▸ **HOW TO COMPLETE THIS TASK**:
In the entries below, find the line with "大联村留用地(编号15)有着" and the line with "瑞丽工陈柯柯作品 冰种黄加绿翡翠茶壶", then retype both and everything between them exactly. Do not copy the pictures.

START DATA SHOWN

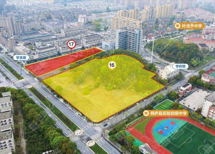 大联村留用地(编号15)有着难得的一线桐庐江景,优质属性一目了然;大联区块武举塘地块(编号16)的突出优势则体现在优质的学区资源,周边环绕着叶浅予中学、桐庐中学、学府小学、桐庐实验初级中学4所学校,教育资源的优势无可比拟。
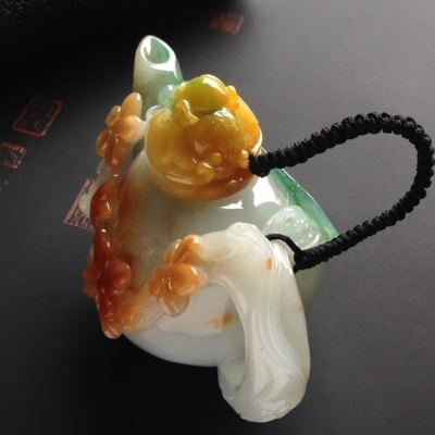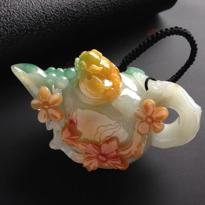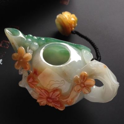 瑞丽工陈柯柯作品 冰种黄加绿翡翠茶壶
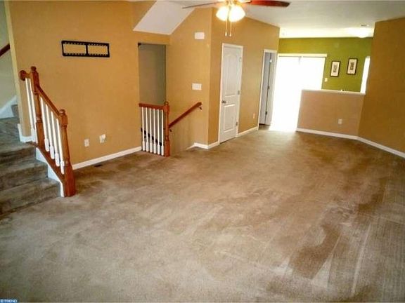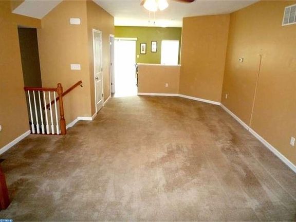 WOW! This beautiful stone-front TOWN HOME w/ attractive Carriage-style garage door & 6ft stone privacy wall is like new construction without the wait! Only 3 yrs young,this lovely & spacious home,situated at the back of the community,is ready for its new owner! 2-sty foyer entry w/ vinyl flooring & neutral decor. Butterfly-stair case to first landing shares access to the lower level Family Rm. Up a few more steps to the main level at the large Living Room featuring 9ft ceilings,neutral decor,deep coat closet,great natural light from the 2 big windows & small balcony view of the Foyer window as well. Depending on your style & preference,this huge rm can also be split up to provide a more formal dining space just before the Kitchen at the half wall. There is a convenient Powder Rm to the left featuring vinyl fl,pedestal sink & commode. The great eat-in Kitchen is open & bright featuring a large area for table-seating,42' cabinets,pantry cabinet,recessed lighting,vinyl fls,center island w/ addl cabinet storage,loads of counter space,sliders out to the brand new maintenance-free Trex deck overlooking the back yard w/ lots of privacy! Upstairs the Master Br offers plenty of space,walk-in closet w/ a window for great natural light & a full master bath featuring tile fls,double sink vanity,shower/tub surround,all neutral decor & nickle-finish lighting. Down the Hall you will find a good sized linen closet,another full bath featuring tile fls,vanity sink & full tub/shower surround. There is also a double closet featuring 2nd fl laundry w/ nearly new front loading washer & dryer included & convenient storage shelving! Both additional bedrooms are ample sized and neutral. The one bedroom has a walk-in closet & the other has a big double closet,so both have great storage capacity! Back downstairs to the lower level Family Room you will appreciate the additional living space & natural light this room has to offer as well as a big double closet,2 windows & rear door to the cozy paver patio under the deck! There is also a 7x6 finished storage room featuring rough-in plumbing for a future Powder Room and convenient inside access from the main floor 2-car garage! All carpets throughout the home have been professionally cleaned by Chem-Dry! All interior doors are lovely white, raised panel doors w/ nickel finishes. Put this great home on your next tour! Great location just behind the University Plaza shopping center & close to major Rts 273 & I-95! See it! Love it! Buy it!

END DATA SHOWN
START DATA SHOWN

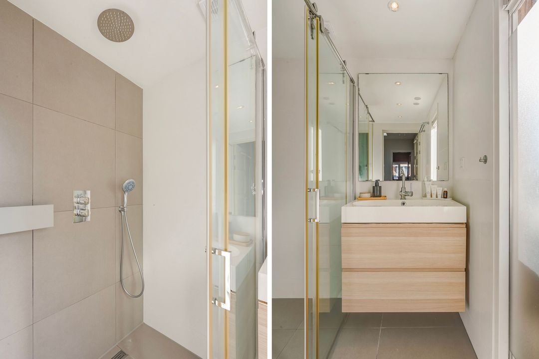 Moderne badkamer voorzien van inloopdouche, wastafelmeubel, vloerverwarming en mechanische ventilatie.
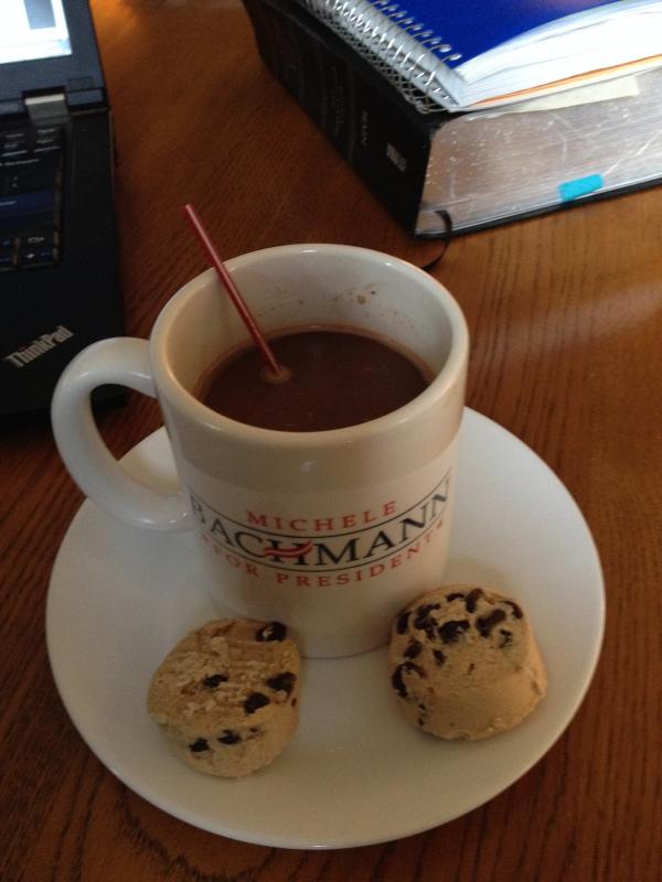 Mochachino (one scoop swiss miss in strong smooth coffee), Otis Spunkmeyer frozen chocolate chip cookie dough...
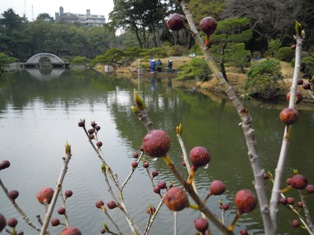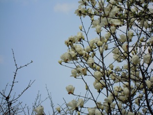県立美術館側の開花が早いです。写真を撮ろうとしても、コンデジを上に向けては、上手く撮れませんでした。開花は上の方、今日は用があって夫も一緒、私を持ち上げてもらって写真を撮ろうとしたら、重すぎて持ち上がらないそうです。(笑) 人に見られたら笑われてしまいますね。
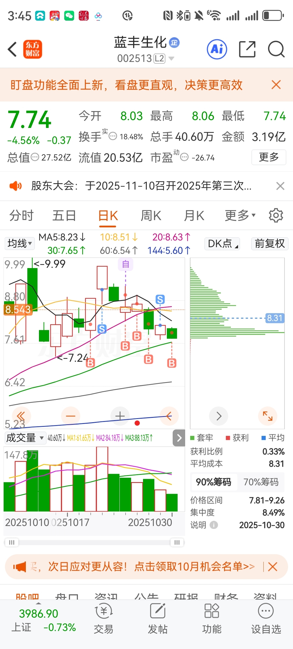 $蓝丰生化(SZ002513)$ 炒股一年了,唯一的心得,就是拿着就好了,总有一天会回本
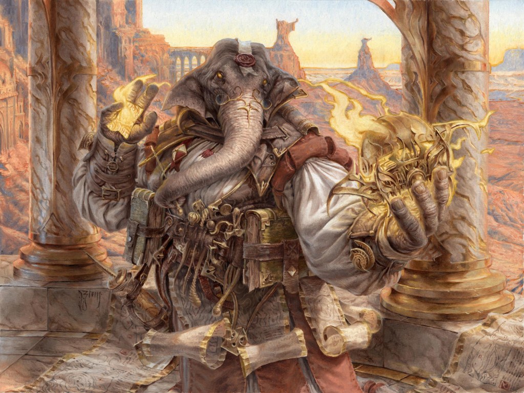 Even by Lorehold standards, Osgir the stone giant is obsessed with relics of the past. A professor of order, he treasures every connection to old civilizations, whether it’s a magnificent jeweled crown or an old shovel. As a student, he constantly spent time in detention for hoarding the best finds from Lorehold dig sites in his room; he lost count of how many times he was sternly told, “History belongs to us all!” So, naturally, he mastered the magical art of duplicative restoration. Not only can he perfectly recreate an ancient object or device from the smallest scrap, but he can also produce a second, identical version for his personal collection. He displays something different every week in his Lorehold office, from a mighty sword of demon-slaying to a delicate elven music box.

END DATA SHOWN

▸ **ANSWER BELOW**:
 大联村留用地(编号15)有着难得的一线桐庐江景,优质属性一目了然;大联区块武举塘地块(编号16)的突出优势则体现在优质的学区资源,周边环绕着叶浅予中学、桐庐中学、学府小学、桐庐实验初级中学4所学校,教育资源的优势无可比拟。
 瑞丽工陈柯柯作品 冰种黄加绿翡翠茶壶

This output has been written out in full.